"In wildness is the preservation of the world." -H.D. Thoreau

Why eat from the wild? The answer is obvious to anyone who has felt the emotional uplift from the weight of a basket brimming with morel mushrooms, the earthy-sweet scent of digging Sassafras roots, or the heavy pulsing of a fish testing the limits of your fly rod.
There are a million reasons to eat wild, to get dirty, to taste fresh food. It is here where we connect to the Earth, our Ancestral past, immediate present and hope for a healthy future...

"Nothing else can build such awareness as surely and powerfully as practicing the ancient ecological art of humankind - foraging. It is not observation of, but rather participation in the phenomena of Nature that brings us to our greatest understanding of our place in the mosaic of life."
-Samuel Thayer The Forager's Harvest

Foraging in the Tip of the Mitten!

Wednesday, November 14, 2012

Wild "Horseradish"

I used to think I didn't like horseradish. That was until my friend mixed some up with mashed potatoes, bear grease and chives and used that as a bed on which to serve some venison liver I brought over. Now I had a reason to experiment with a plant I have mostly avoided eating due to its remarkable resemblance to horseradish: Toothwort.

There are two types of toothwort in our area, Broad-leaved (Dentaria diphylla) and Cut-leaved (D. laciniata.).

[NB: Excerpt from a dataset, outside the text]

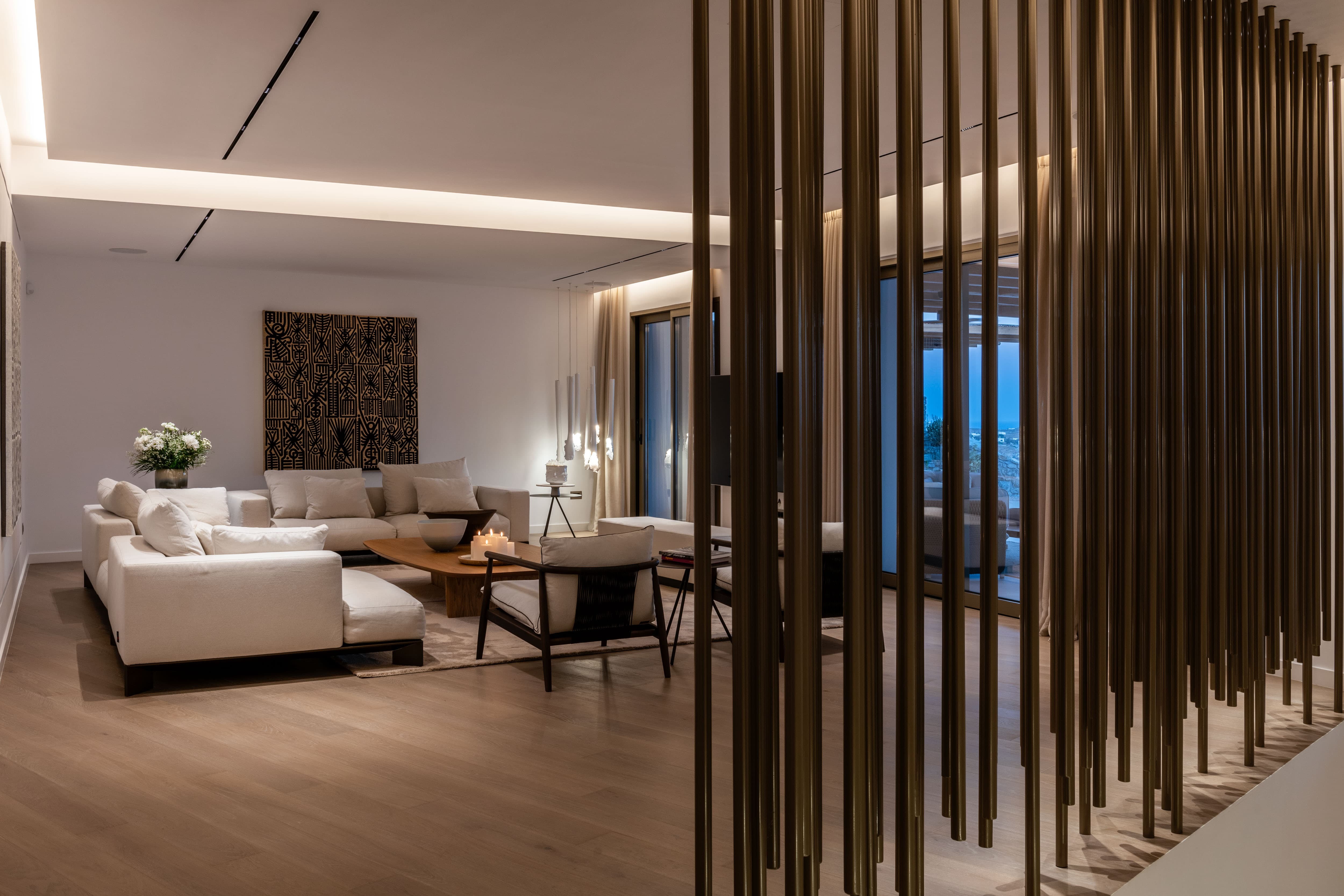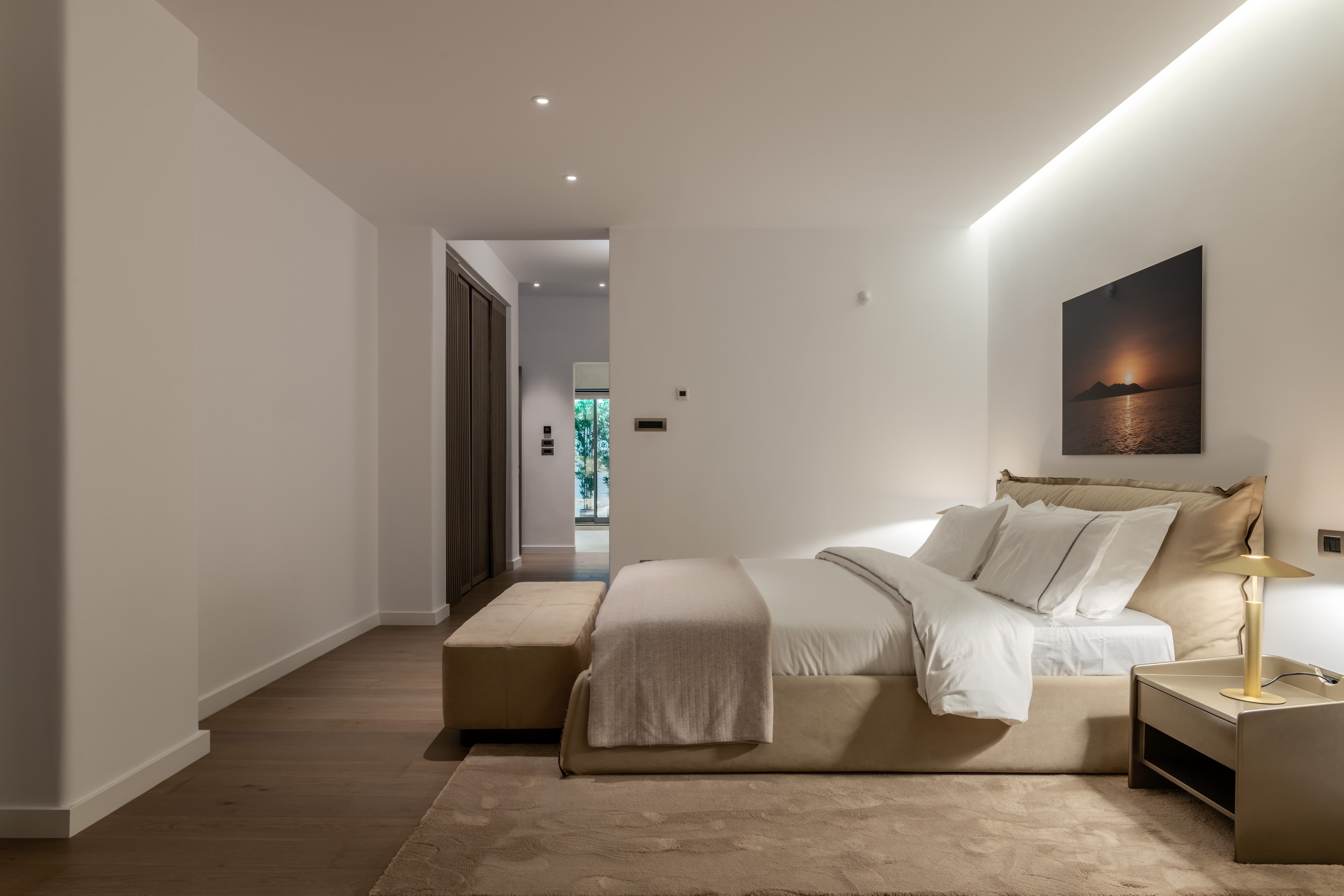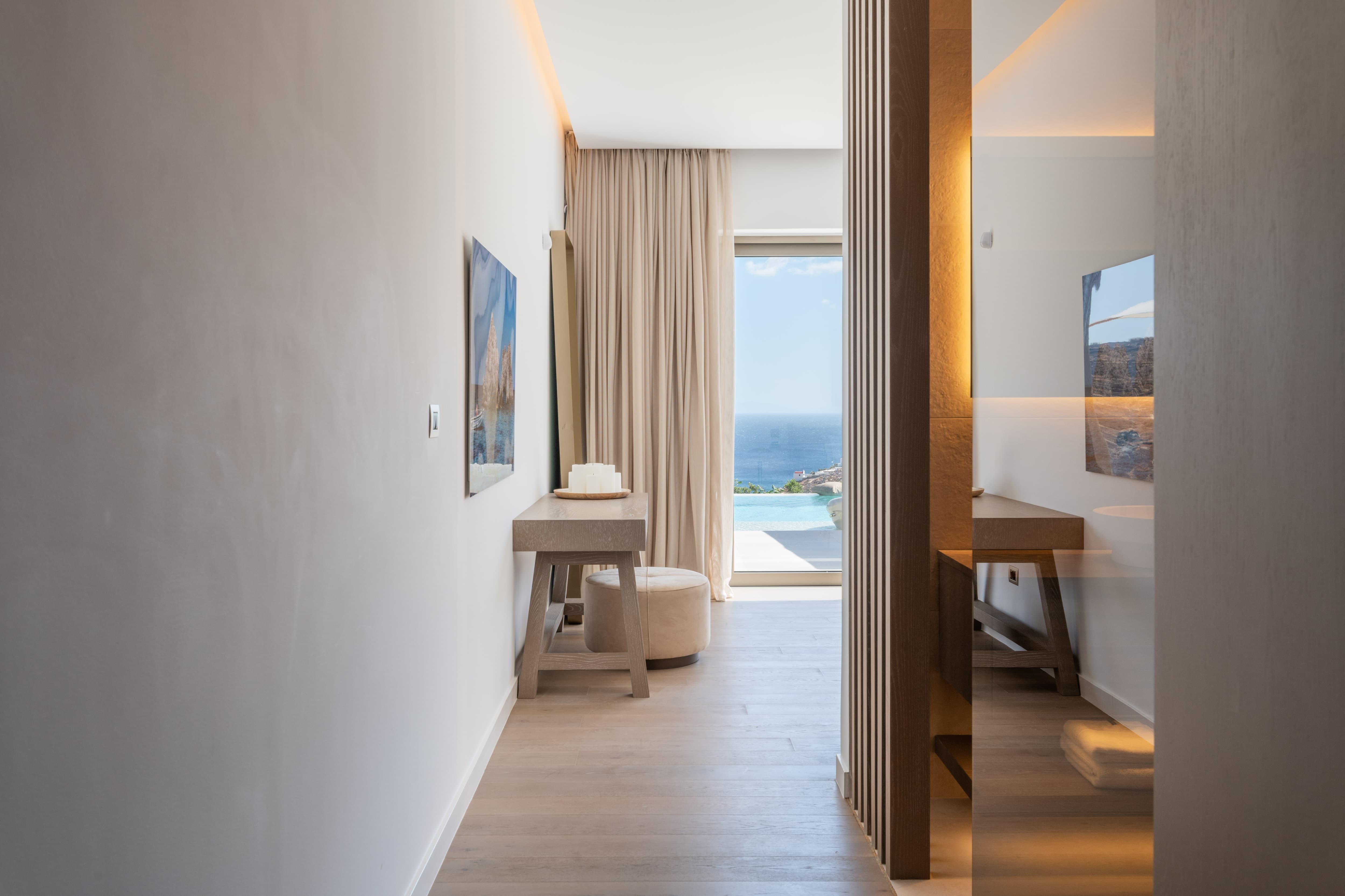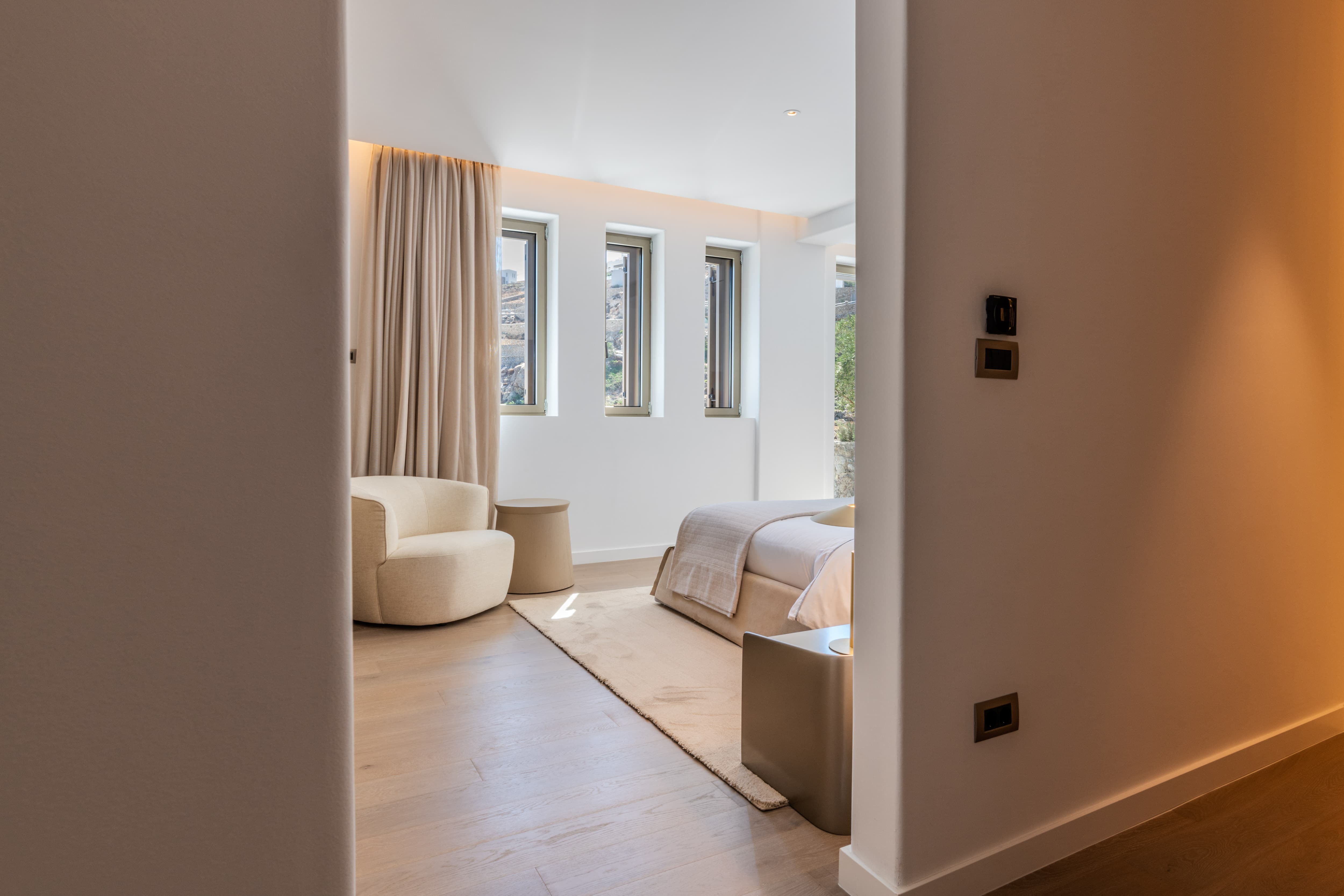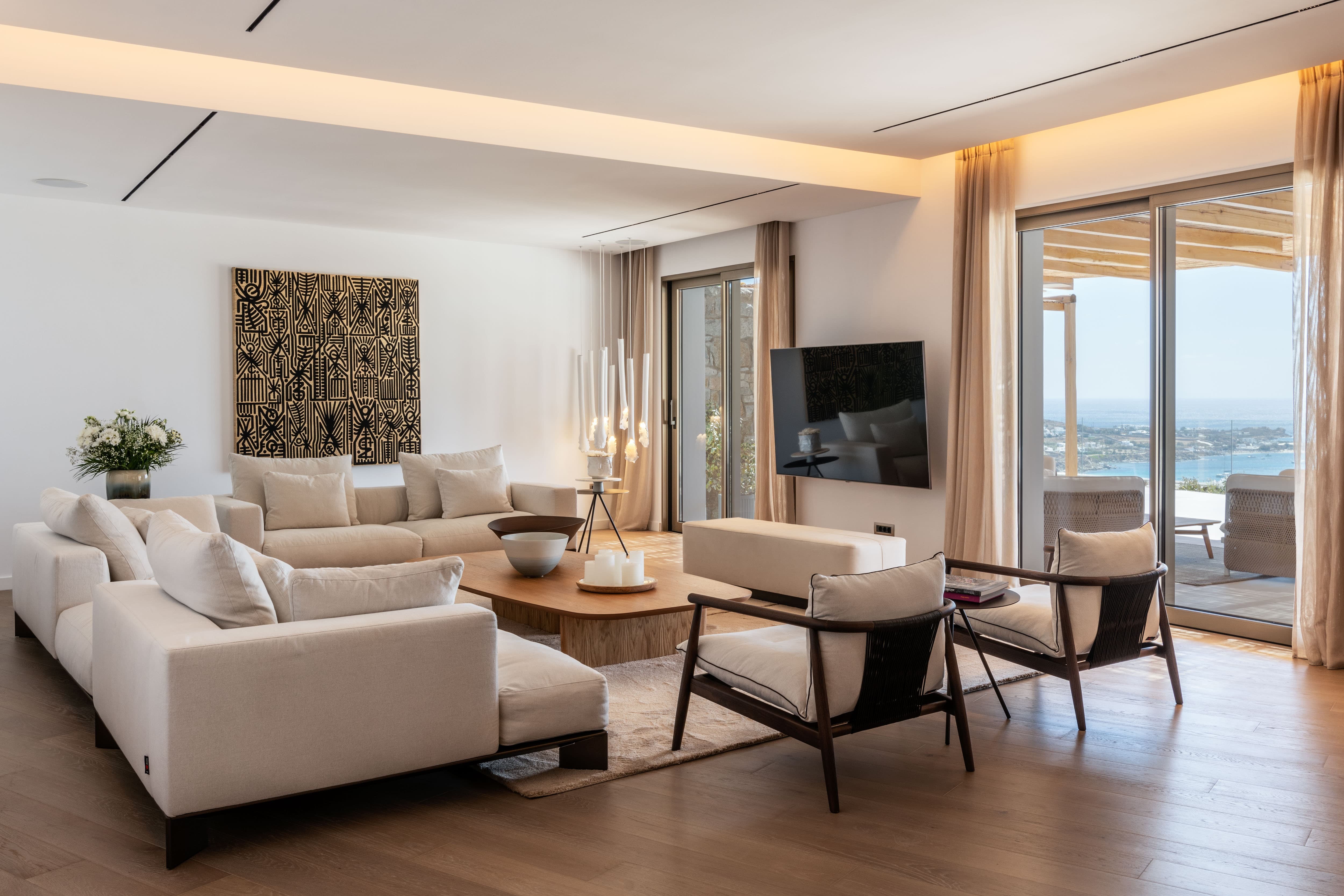 From the very first approach, the villa reveals itself gradually, carved into the hillside with a sense of calm authority. Soft stone, clean white lines, and wide open terraces draw the outside in, allowing the sea to become part of the architecture itself. Every angle has been considered, every line designed to frame the view.

They are also called "Pepper-root" and are both in the Brassicaceae family, like horseradish. They enjoy rich, moist soils on the forest floor. Their flowers are spring ephemerals, their leaves barely persist into the summer, and their roots are present year round. You must know where a good patch is in order to find them after the leaves die back. Rooting around under the leaves in such spots reveals shallow rhizomes that are have a very peppery tang. These are larger and longer in the Broad-leaved and I have yet to experiment with Cut-leaved variety. The Broad-leaved are prolific around the northern sap collection tank in our sugarbush, so I can pretty much rake around anywhere and find them.

Rinsing them is straightforward and requires little effort. Dirt doesn't seem to cling to them too much.

Then they are broken up by hand into sections large enough to put into a small food processor and pureed with a little water and white wine vinegar until the consistency of store-bought jars of horseradish. I didn't know what this looked like so I looked at some on my beer-run to the grocers. Now it is ready to use as a wild and free substitute for anything calling for horseradish. It can be scooped into sterilized jars and kept in the refrigerator for a month or more.


Wild Pepper-root Sauce

3 tbsp prepared pepper-root (see above)
2 tbsp sour cream
3 tbsp mayonnaise
cracked pepper to taste
pinch of cayenne 

Simply combine all the ingredients in a mixing bowl and stir together. The toothwort (pepper-root) is milder and a tad sweeter than horseradish, so you can up the toothwort to taste as well as the cayenne pepper.